他明知不是對手,卻咽不下這口氣,只想用最后力氣搏一次,哪怕輸,也不能輸的這么狼狽。
“還要來嗎??”仇遠沒有想到還想要繼續。
他沒再等唐昊主動動手,六翼驟然展開,赤金色的圣光領域瞬間擴大到二十丈,領域內的神圣之力如同潮水般涌來,直接將唐昊籠罩其中!
唐昊只覺渾身一沉,魂力像是被無形的大手鎖住了命脈,連揮動昊天錘的力氣都變得異常艱難。
他咬著牙,拼盡最后一絲力氣將錘身砸向仇遠:“我就是輸,也要拉你一起!”
可這掙扎在仇遠眼里,不過是徒勞無功的反抗罷了。
仇遠抬手召出裁決之劍,赤金圣焰順著劍刃蔓延,第二魂技圣光刃直接斬出。
不是斬向唐昊,而是精準落在昊天錘的錘柄與錘頭銜接處!
咔嚓一聲,錘柄應聲斷裂,錘頭重重砸在地上,激起一片塵土。
沒了武器的唐昊徹底慌了,剛想后退,仇遠已瞬移到他身前,掌心的天使圣印輕輕按在他的肩膀上,金色的神圣之力瞬間涌入唐昊體內,不僅凈化了他最后一絲魂力,還封住了他的經脈。
唐昊渾身一軟,再也站不住,“噗通”一聲跪倒在地,連抬頭的力氣都沒了。
“現在,你信了?”仇遠的聲音在他頭頂響起,平靜卻帶著不容置疑的威嚴。
唐昊趴在地上,臉頰貼著冰冷的地磚,眼淚混著血跡流下,他徹底輸了,輸得毫無還手之力,連最后一絲掙扎的余地都沒有。
金色屏障緩緩散去的瞬間,廣場上的歡呼如同驚雷般炸響!
“圣子萬歲!”
“武魂殿萬歲!”
武魂殿弟子們舉起手臂,聲音洪亮得震得周圍的樹葉都在晃之前竊竊私語的外圍弟子,此刻也漲紅了臉跟著喊,眼神里滿是崇拜。
比比東站在人群前,知道這個時候就是靠她的時候了,向前一步,踮起腳尖,嘴巴印在了仇遠的嘴唇上。
此刻,上三宗的區域卻一片死寂。
玉小剛手里的羊皮紙掉在地上,他盯著場中從容收劍的仇遠,根本不敢相信。
他之前還想研究圣光領域的弱點,可現在才發現,這根本不是有弱點的實力,而是絕對的壓制。

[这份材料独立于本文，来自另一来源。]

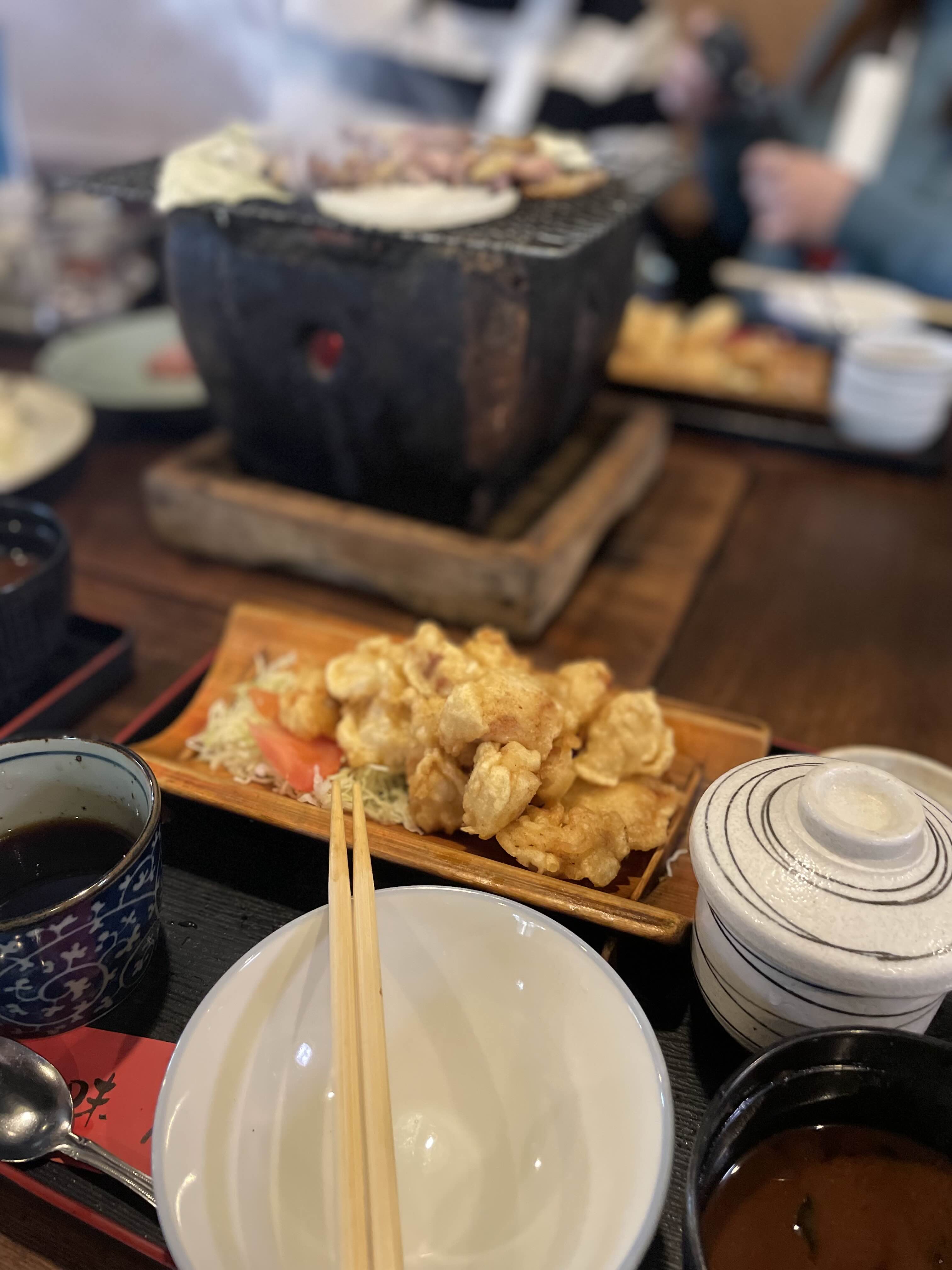 벳부는 맛있는 음식이 정말 많지만 그 중에서도 유명한 지도리 (地鶏 일본의 토종닭 요리)로 만든 스미비야키 (炭火焼 숯불요리) 랑 토리텐 (とり天 닭튀김) 을 먹으러 갔다.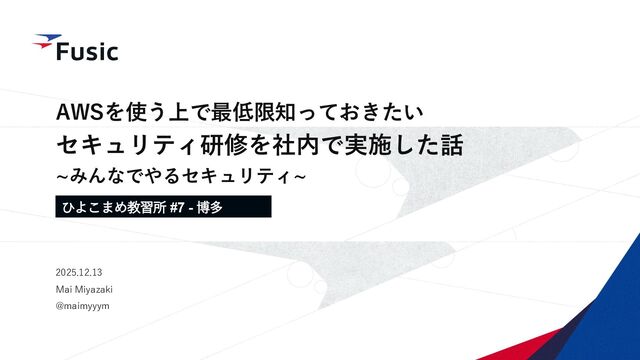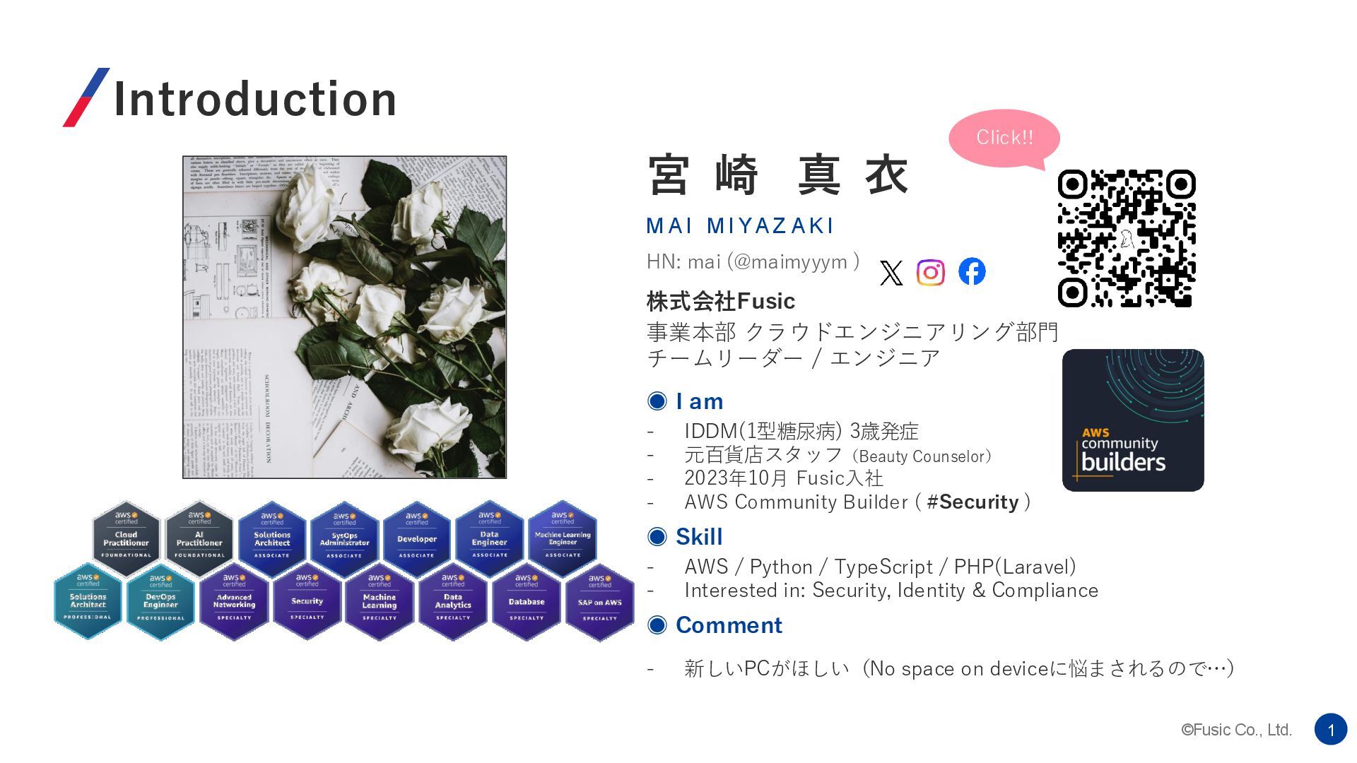 A I M I YA Z A K I HN: mai (@maimyyym ) 株式会社Fusic 事業本部 クラウドエンジニアリング部門 チームリーダー / エンジニア ◉ I am - IDDM(1型糖尿病) 3歳発症 - 元百貨店スタッフ(Beauty Counselor) - 2023年10月 Fusic入社 - AWS Community Builder ( #Security ) ◉ Skill - AWS / Python / TypeScript / PHP(Laravel) - Interested in: Security, Identity & Compliance ◉ Comment - 新しいPCがほしい(No space on deviceに悩まされるので…) Click!!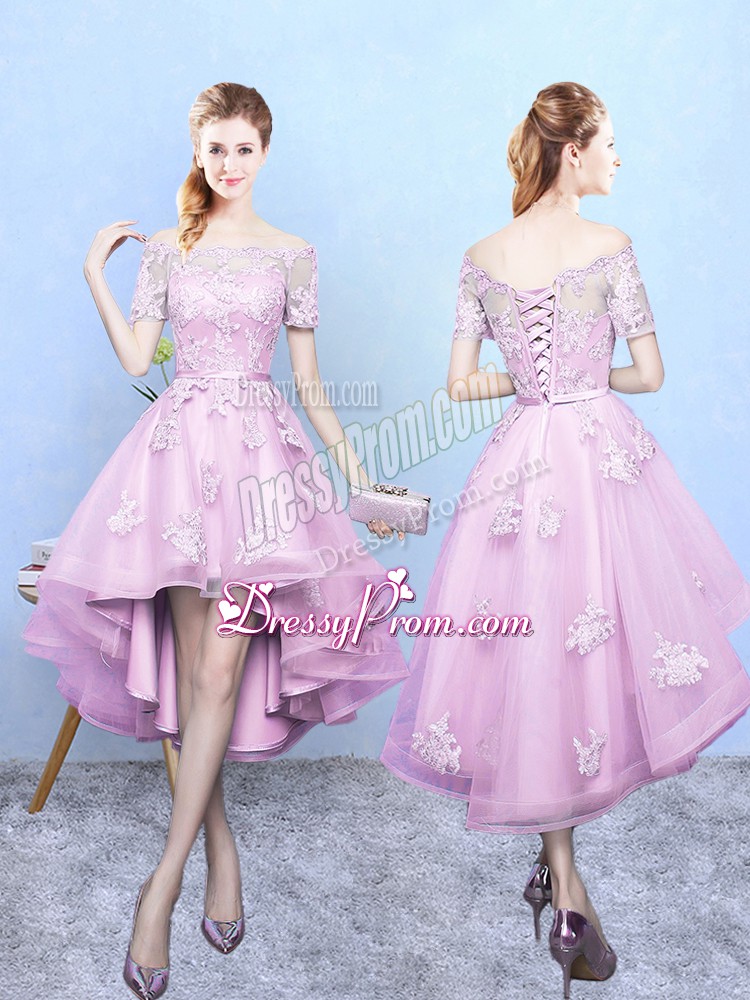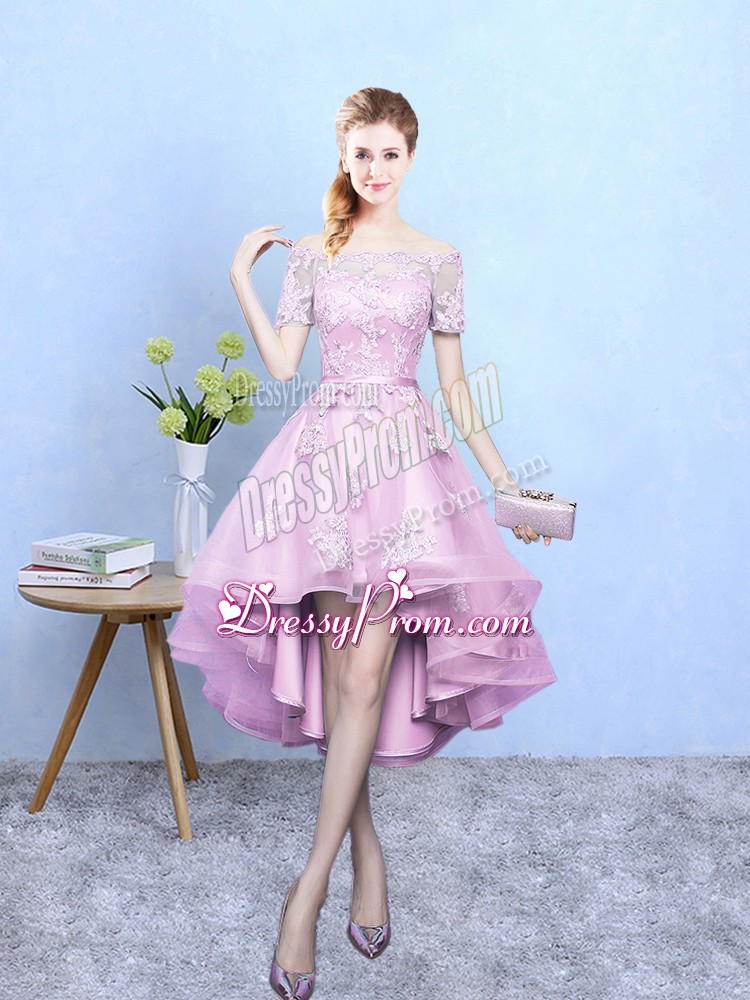 Exquisite A-line Quinceanera Court of Honor Dress Rose Pink Off The Shoulder Tulle Short Sleeves High Low Lace Up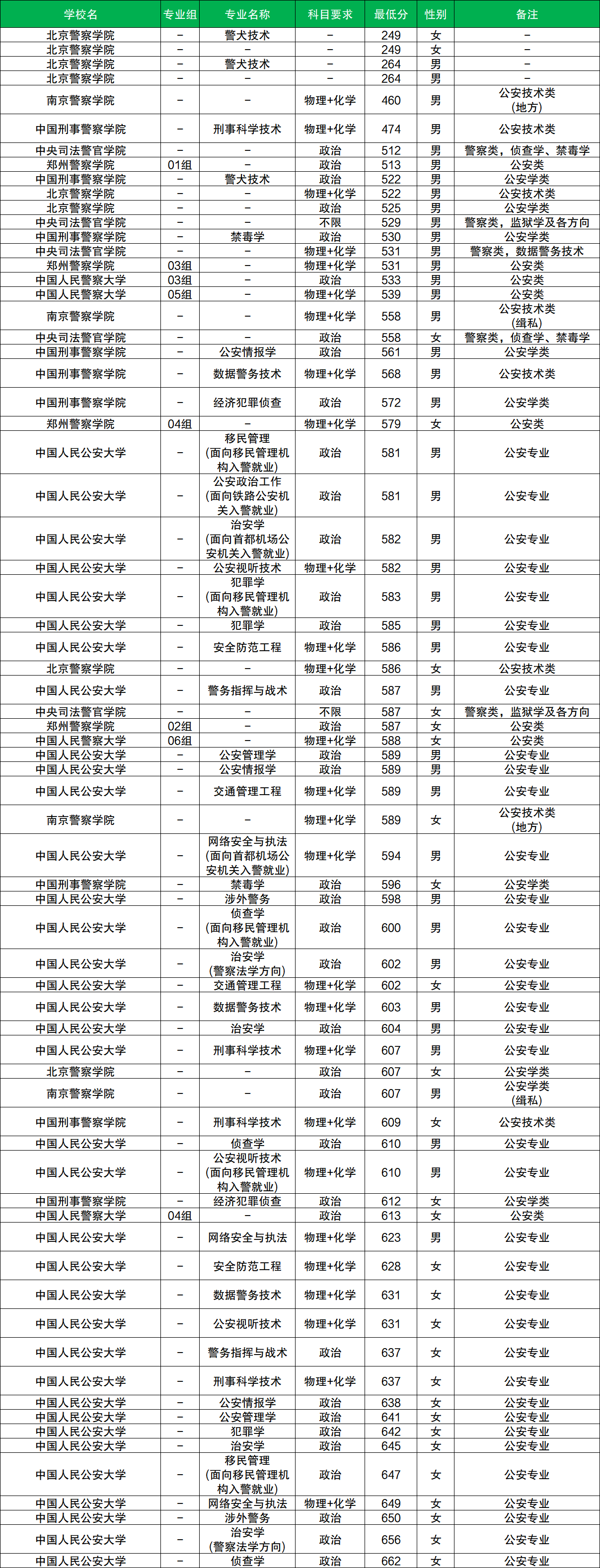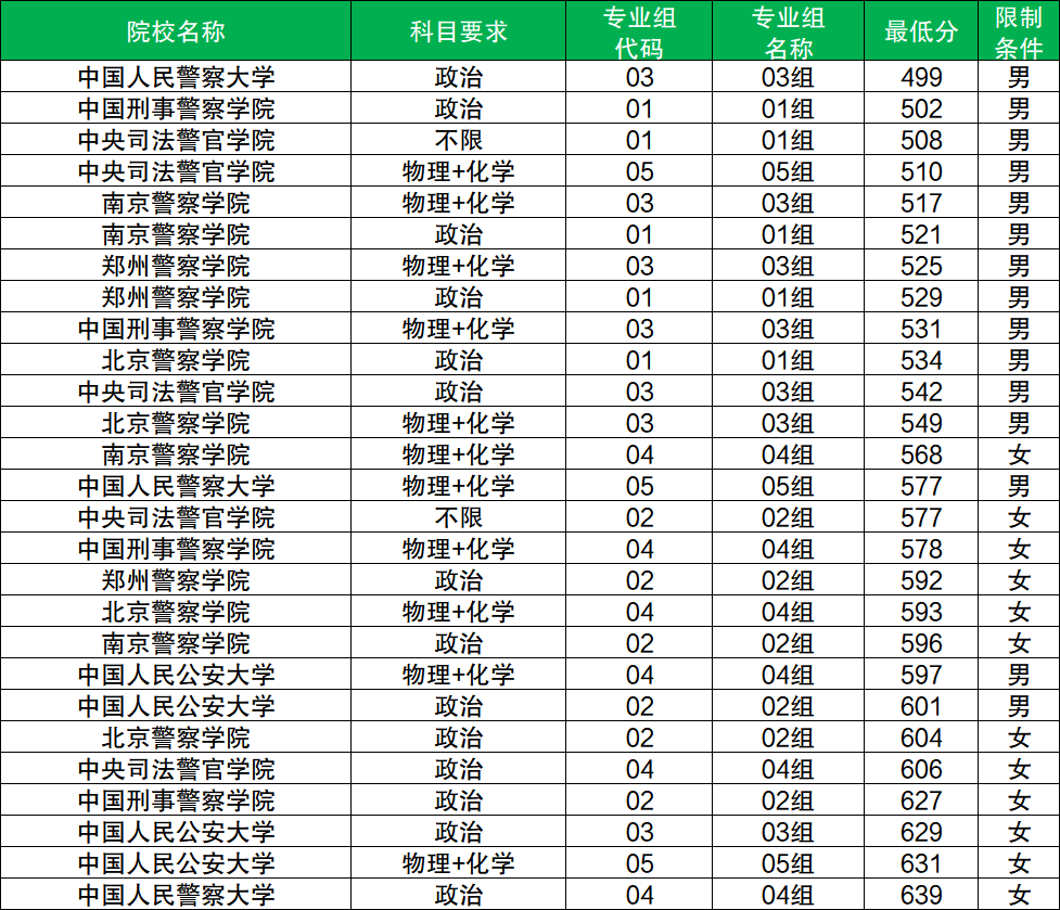根據(jù)已有數(shù)據(jù),其中男生分?jǐn)?shù)至少在499分及以上、女生分?jǐn)?shù)至少在568分及以上才有機(jī)會(huì)被錄取。而男生分?jǐn)?shù)最低的院校是中國人民警察大學(xué)(03組),女生分?jǐn)?shù)最低的院校是南京警察學(xué)院(04組)。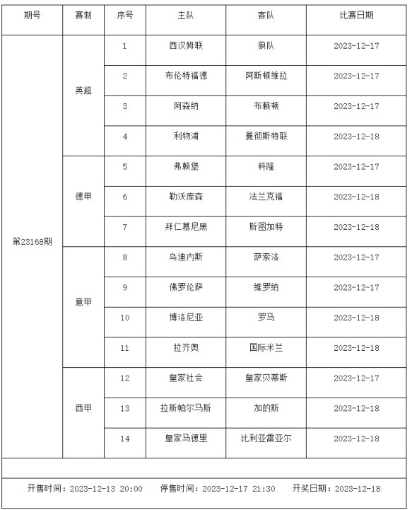 足球彩票勝負游戲(14場和任選9場)第23168期: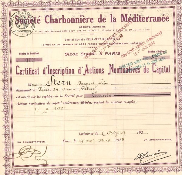 Sté Charbonnière de la Méditerrannée (CN Act 1000F)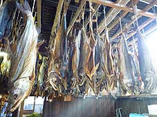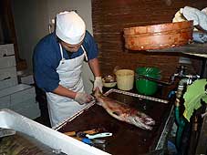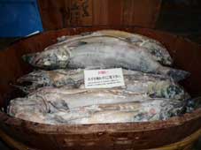 ![]() 鮭の腹をひらく専務の吉川真嗣さん | ![]() 特製の木樽で塩に漬ける | ![]() 昨年から吊されている塩引き鮭 |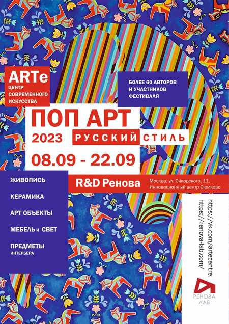 С 8 по 22 сентября 2023 года в рамках фестиваля Pop Art: русский стиль на площадке научно-исследовательского центра R& D Ренова (Москва, Сколково, Сикорского 11) авторские картины, мебель и предметы интерьера, перфомансы, экскурсии и мастер-классы для детей и взрослых с художниками и кураторами, арт-показ, открытые мастерские, на которых художники будут рисовать картины для благотворительного аукциона, сюрпризы и подарки гостям. Прикоснитесь к искусству, станьте частью истории! Регистрируйтесь бесплатно на http://popartrussianstyle.tilda.ws/!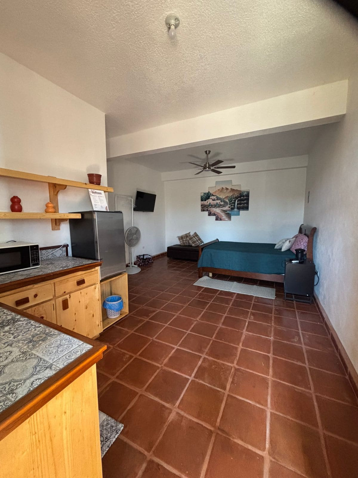 Room designed for a pleasant rest and to enjoy sunrises, sunsets, the sky, stars, and the moon from your terrace. Suitable for two people, with a Queen bed, air conditioning, fan, coffee maker, hot water, and high-speed satellite internet. Perimeter wall for privacy and security. The bathroom has a mirror, soap, shampoo, conditioner, hand towel, and hairdryer. Enjoy vineyards and wineries in Valle de Guadalupe. Safe and close to the region's most iconic places.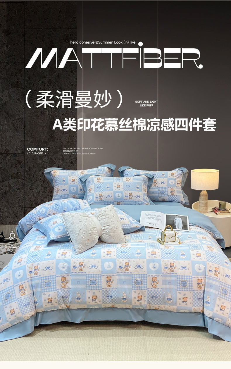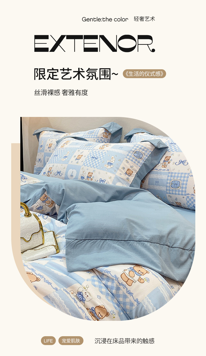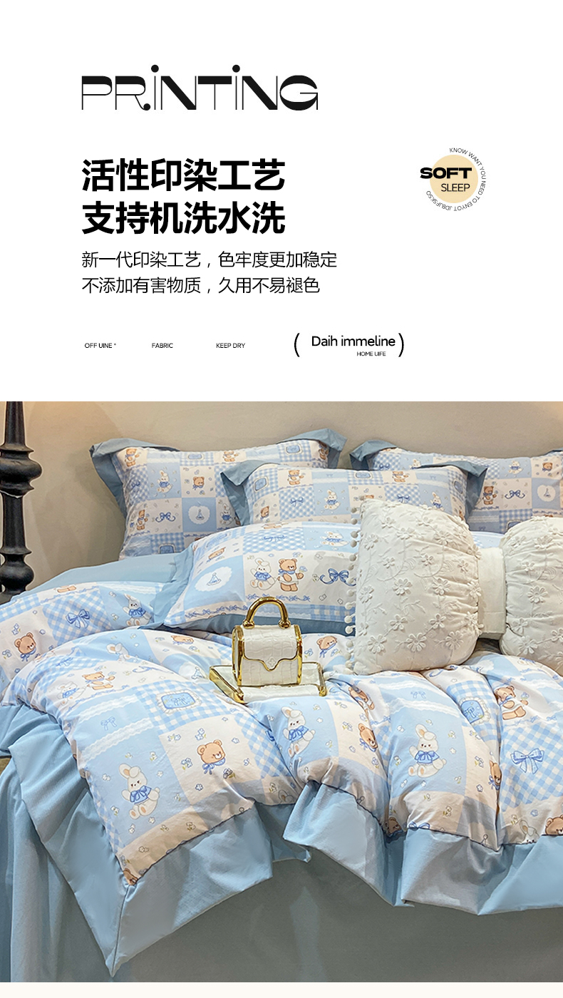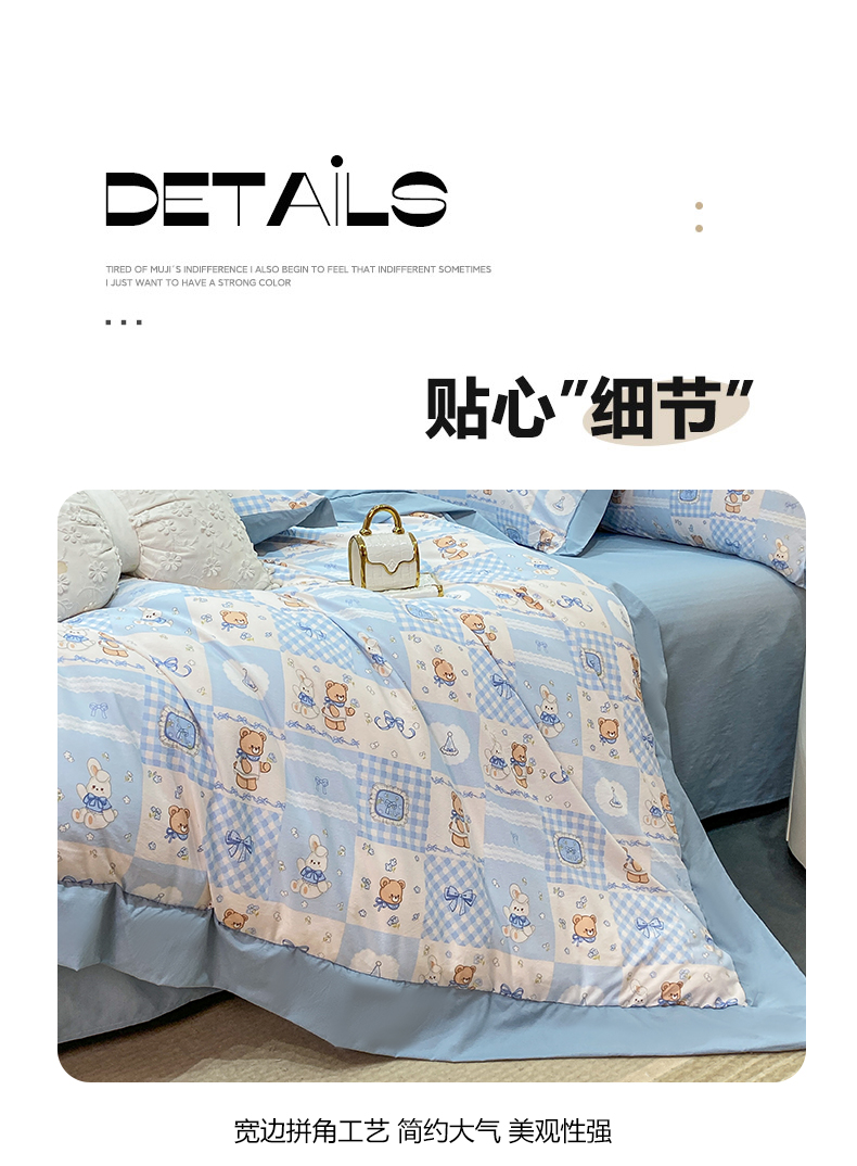 当前位置: 91家纺网 > 商品网购 > 床品套件 > 四件套 > 其它四件套 > 慕木家纺 2026新款A类印花拼角工艺慕斯棉四件套系列(抽空压缩可供跨境)提供买家秀 熊兔叙+蓝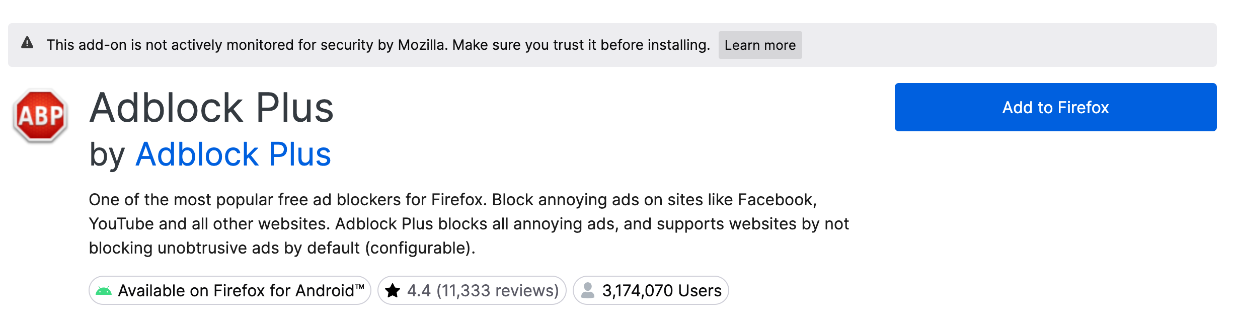 I clicked on this link and all it did was download Firefox again. I had Firefox and still have it but the Adblock Plus icon that was installed on my Firefox is still not there. I had it installed and it disappeared. Firefox didn't just the icon for Adblock Plus. It was shaped like a red stop sign with 6 sides and the initials ABP was inside. The icon is still on my Microsoft edge.

柳二龍看著仇遠的身影,眼底的羨慕溢出言表,她知道,自己這輩子,怕是都追不上這樣的存在。
最狼狽的還是昊天宗。
唐嘯快步上前,彎腰扶起面如死灰的唐昊,手指碰到唐昊僵硬的身體時,能清晰感受到他的顫抖,極致的不甘與絕望。
唐嘯沒說話,半扶半扛地往殿外走。
昊天宗的長老們臉色鐵青,像是吞了苦藥一樣,一個個低著頭,不敢看周圍投來的目光。
之前跟著起哄比一場的昊天宗弟子,此刻也縮著脖子,恨不得找個地縫鉆進去。
他們本想讓唐昊給武魂殿一個下馬威,沒想到最后卻成了圣子立威的墊腳石。
千道流站在祭壇上,看著這一幕,金色的眼眸里閃過一絲滿意。
他抬手示意全場安靜,聲音透過魂力傳遍全場:“圣子之位,憑實力而立!往后誰再敢質疑,便先掂量掂量自己,有沒有本事!”
昊天宗的眾人剛消失在殿門外,廣場上的歡呼還未完全平息。
仇遠的目光突然轉向藍電霸王龍宗的隊伍,聲音透過魂力傳出,清晰落在玉小剛身上:“玉兄弟,別急著走。”
玉小剛正悄悄往后縮,想混在藍電霸王龍宗的人群里離開,聽到這話,身體猛地僵住,臉色瞬間發白。
他緩緩轉過身,強裝鎮定地拱手:“圣子喚我,不知有何吩咐?”
“吩咐談不上。”仇遠緩步走向他,赤金圣子長袍在晨光下泛著冷光,“剛才在廣場上,喊著讓唐昊與我比試的,不就是你嗎?”
這話一出,全場瞬間安靜下來,所有目光齊刷刷投向玉小剛,之前起哄的大多是上三宗弟子。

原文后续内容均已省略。